### Work item
Everything from the line with "- DHL Global" down to the line with "Sly - Shadowmoth" below must be printed exactly, those two lines included. Exclude pictures.

### Provided material
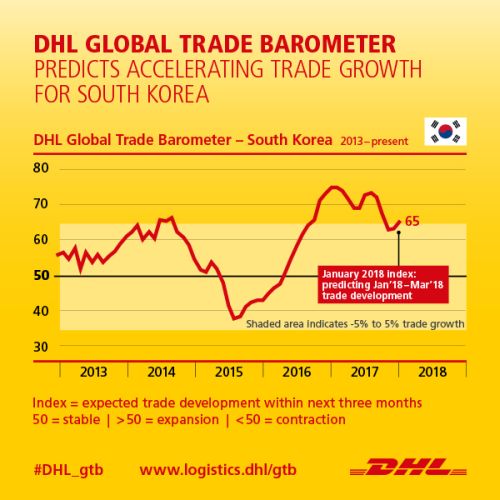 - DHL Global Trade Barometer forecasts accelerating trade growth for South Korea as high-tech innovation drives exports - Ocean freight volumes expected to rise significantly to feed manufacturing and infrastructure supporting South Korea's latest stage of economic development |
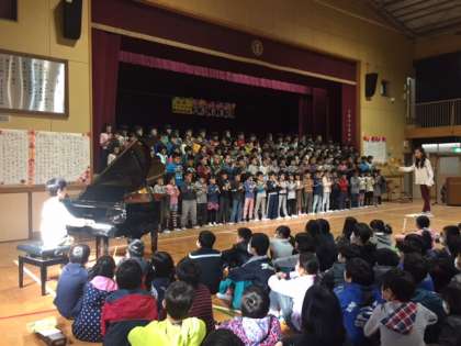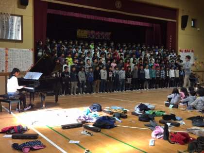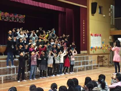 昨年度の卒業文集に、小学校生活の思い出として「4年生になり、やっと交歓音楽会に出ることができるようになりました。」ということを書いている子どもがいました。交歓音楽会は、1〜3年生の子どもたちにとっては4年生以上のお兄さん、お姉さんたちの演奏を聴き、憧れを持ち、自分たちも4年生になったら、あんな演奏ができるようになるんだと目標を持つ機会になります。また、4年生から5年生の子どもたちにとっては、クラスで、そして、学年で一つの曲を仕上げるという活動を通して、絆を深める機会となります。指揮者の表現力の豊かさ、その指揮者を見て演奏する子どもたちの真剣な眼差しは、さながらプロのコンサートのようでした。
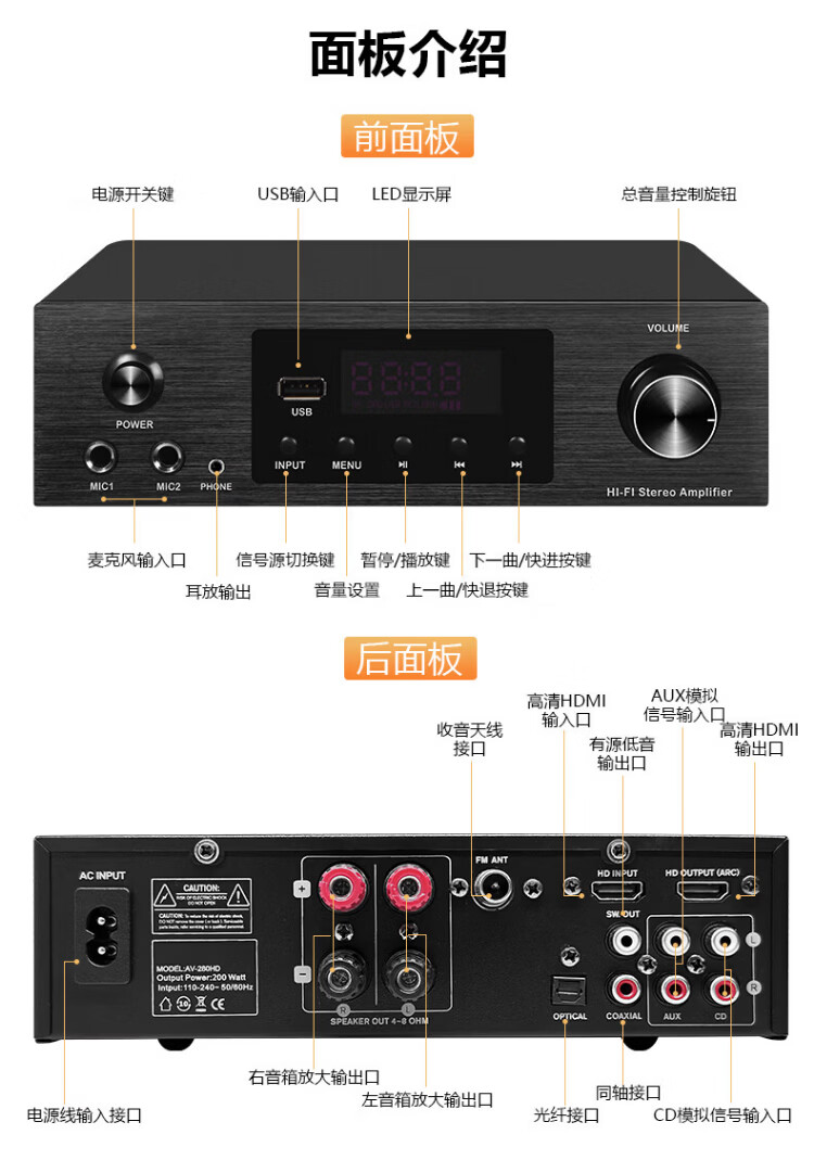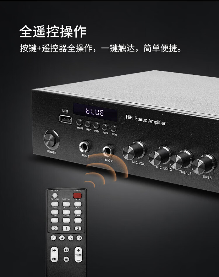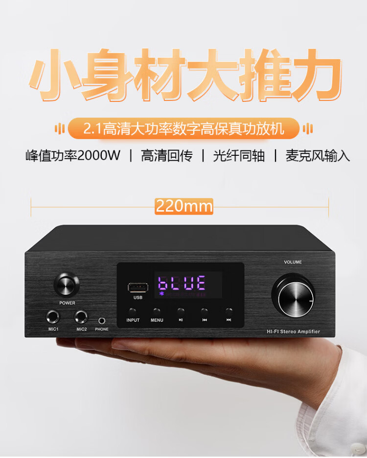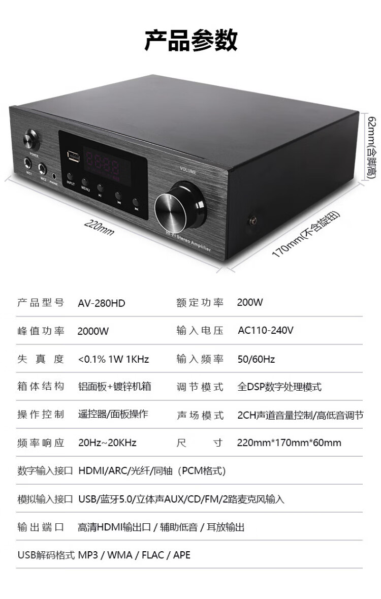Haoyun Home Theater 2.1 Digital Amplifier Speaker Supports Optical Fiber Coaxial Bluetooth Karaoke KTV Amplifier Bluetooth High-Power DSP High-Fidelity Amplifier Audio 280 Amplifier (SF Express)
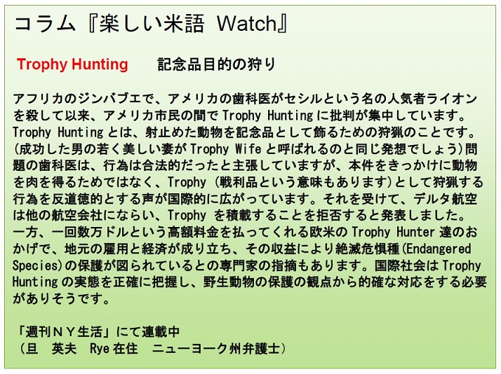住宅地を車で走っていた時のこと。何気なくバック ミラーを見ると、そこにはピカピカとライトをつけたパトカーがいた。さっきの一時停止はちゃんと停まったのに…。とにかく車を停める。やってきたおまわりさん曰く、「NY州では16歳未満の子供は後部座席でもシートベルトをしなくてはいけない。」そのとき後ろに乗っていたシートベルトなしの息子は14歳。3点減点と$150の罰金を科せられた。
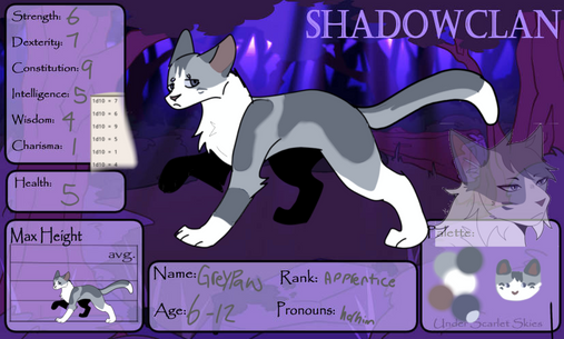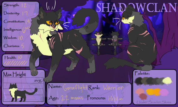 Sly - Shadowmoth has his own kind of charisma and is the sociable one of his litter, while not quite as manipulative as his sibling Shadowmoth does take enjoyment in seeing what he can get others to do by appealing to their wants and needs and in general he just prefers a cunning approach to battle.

--

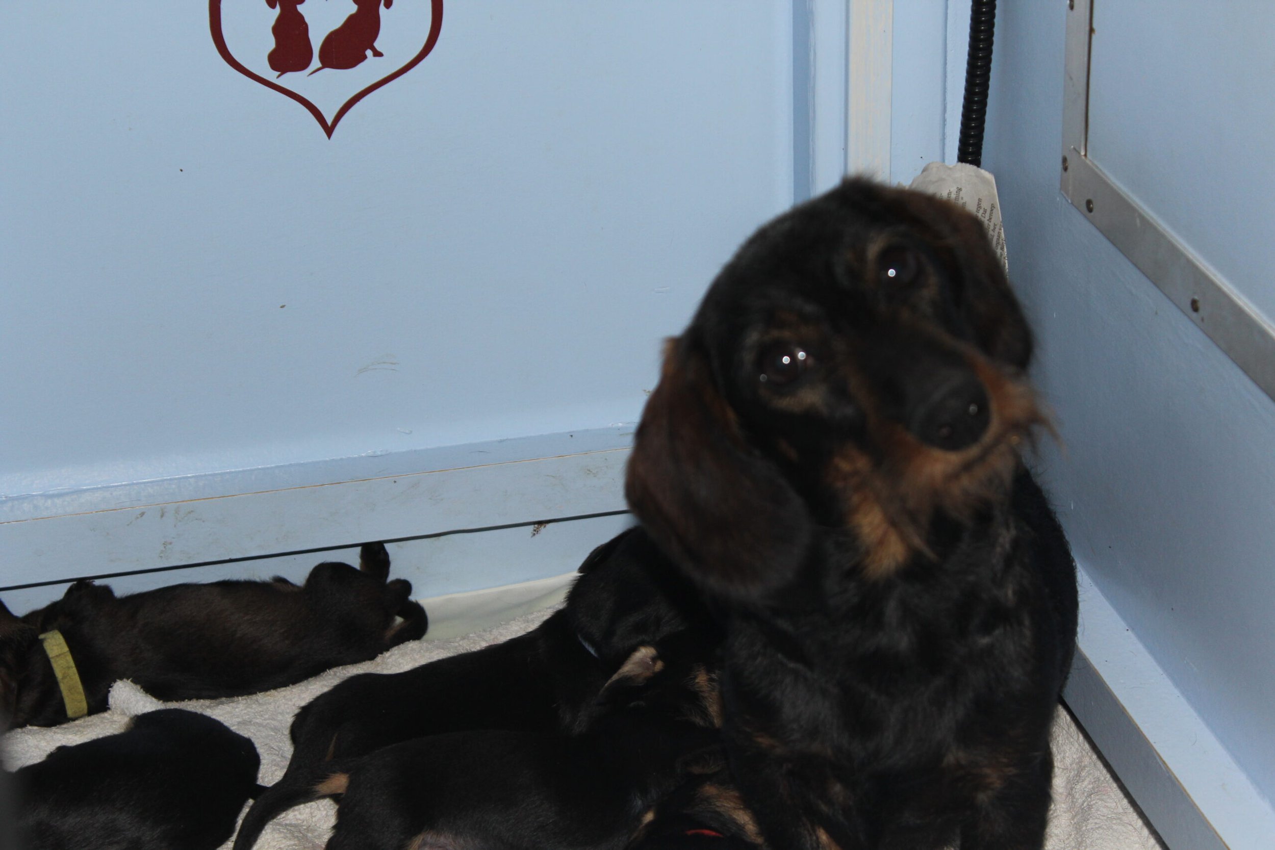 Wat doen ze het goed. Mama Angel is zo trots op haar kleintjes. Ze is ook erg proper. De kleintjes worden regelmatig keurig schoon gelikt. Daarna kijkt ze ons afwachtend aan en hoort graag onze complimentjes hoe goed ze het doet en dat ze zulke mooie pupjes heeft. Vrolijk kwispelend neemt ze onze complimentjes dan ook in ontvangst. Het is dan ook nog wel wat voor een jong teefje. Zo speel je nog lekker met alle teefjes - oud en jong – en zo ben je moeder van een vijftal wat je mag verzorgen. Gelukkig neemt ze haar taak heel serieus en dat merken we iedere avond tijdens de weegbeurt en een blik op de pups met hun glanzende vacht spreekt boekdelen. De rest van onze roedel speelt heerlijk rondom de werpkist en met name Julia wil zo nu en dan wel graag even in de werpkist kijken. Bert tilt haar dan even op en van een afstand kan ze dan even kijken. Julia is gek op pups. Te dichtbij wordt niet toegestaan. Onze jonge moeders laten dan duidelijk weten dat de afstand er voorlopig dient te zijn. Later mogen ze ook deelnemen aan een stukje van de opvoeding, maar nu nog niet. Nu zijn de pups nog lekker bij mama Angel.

==

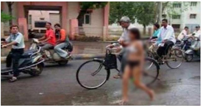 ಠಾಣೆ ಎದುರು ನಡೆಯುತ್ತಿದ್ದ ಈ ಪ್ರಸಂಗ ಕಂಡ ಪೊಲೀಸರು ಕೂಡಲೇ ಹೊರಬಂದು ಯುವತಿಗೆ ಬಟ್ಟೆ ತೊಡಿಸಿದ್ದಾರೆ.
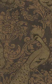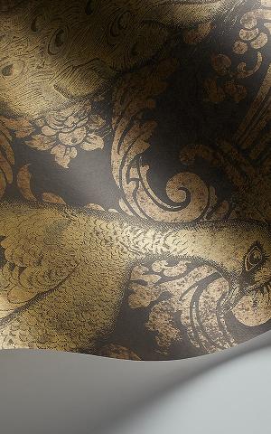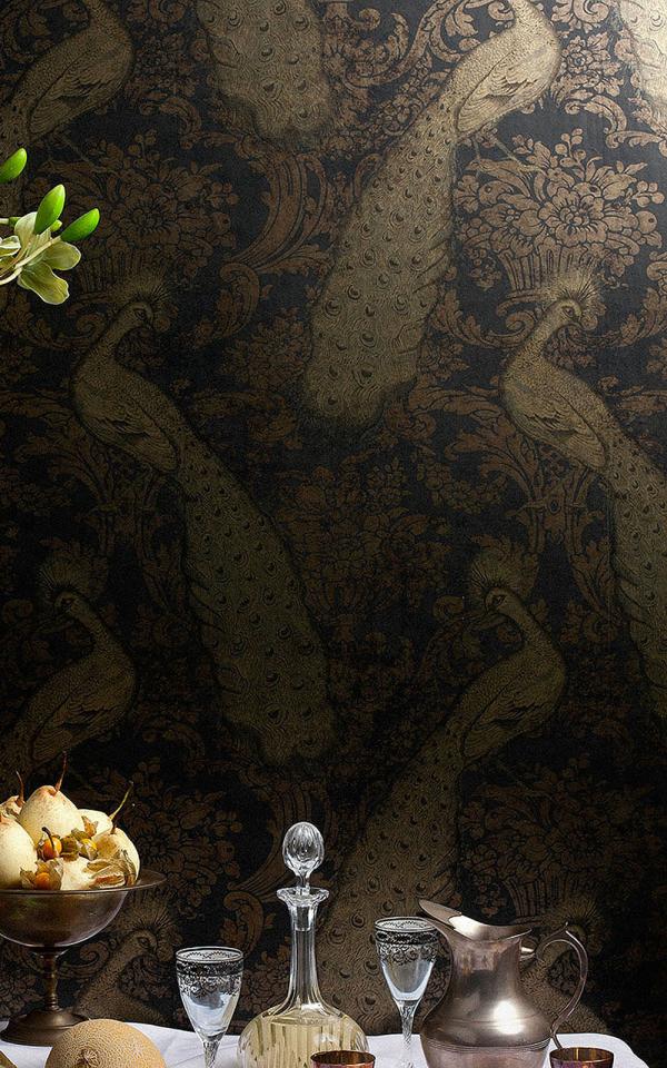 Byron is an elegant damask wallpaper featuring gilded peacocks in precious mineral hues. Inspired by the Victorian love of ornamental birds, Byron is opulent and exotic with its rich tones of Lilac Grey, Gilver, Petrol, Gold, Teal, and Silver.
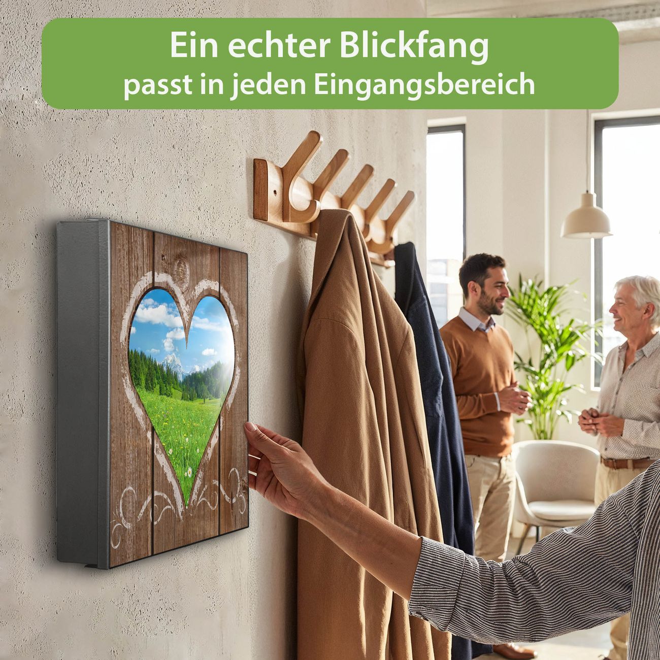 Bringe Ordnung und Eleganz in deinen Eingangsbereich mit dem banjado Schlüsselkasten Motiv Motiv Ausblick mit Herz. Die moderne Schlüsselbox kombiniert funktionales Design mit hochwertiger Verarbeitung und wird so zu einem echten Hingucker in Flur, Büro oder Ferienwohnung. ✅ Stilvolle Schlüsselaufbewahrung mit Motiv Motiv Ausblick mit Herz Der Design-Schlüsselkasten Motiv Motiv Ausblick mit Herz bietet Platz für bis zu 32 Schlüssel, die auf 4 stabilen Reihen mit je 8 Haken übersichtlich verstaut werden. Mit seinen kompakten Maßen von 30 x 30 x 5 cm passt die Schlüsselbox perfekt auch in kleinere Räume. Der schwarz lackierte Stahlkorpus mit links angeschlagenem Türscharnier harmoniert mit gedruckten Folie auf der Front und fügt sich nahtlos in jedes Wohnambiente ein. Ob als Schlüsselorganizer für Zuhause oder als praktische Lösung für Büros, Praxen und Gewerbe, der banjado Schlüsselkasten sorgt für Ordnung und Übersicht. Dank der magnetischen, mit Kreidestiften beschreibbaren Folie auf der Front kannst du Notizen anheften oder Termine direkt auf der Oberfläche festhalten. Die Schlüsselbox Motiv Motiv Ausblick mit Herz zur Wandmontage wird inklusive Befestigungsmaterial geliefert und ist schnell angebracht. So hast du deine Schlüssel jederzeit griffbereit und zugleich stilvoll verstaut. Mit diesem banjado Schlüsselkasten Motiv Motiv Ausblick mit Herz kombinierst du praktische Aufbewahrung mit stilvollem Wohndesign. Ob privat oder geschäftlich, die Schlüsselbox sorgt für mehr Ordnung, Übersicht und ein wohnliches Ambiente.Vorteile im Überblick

### Task answer
 - DHL Global Trade Barometer forecasts accelerating trade growth for South Korea as high-tech innovation drives exports - Ocean freight volumes expected to rise significantly to feed manufacturing and infrastructure supporting South Korea's latest stage of economic development |
 昨年度の卒業文集に、小学校生活の思い出として「4年生になり、やっと交歓音楽会に出ることができるようになりました。」ということを書いている子どもがいました。交歓音楽会は、1〜3年生の子どもたちにとっては4年生以上のお兄さん、お姉さんたちの演奏を聴き、憧れを持ち、自分たちも4年生になったら、あんな演奏ができるようになるんだと目標を持つ機会になります。また、4年生から5年生の子どもたちにとっては、クラスで、そして、学年で一つの曲を仕上げるという活動を通して、絆を深める機会となります。指揮者の表現力の豊かさ、その指揮者を見て演奏する子どもたちの真剣な眼差しは、さながらプロのコンサートのようでした。
Haoyun Home Theater 2.1 Digital Amplifier Speaker Supports Optical Fiber Coaxial Bluetooth Karaoke KTV Amplifier Bluetooth High-Power DSP High-Fidelity Amplifier Audio 280 Amplifier (SF Express)
住宅地を車で走っていた時のこと。何気なくバック ミラーを見ると、そこにはピカピカとライトをつけたパトカーがいた。さっきの一時停止はちゃんと停まったのに…。とにかく車を停める。やってきたおまわりさん曰く、「NY州では16歳未満の子供は後部座席でもシートベルトをしなくてはいけない。」そのとき後ろに乗っていたシートベルトなしの息子は14歳。3点減点と$150の罰金を科せられた。
 Sly - Shadowmoth has his own kind of charisma and is the sociable one of his litter, while not quite as manipulative as his sibling Shadowmoth does take enjoyment in seeing what he can get others to do by appealing to their wants and needs and in general he just prefers a cunning approach to battle.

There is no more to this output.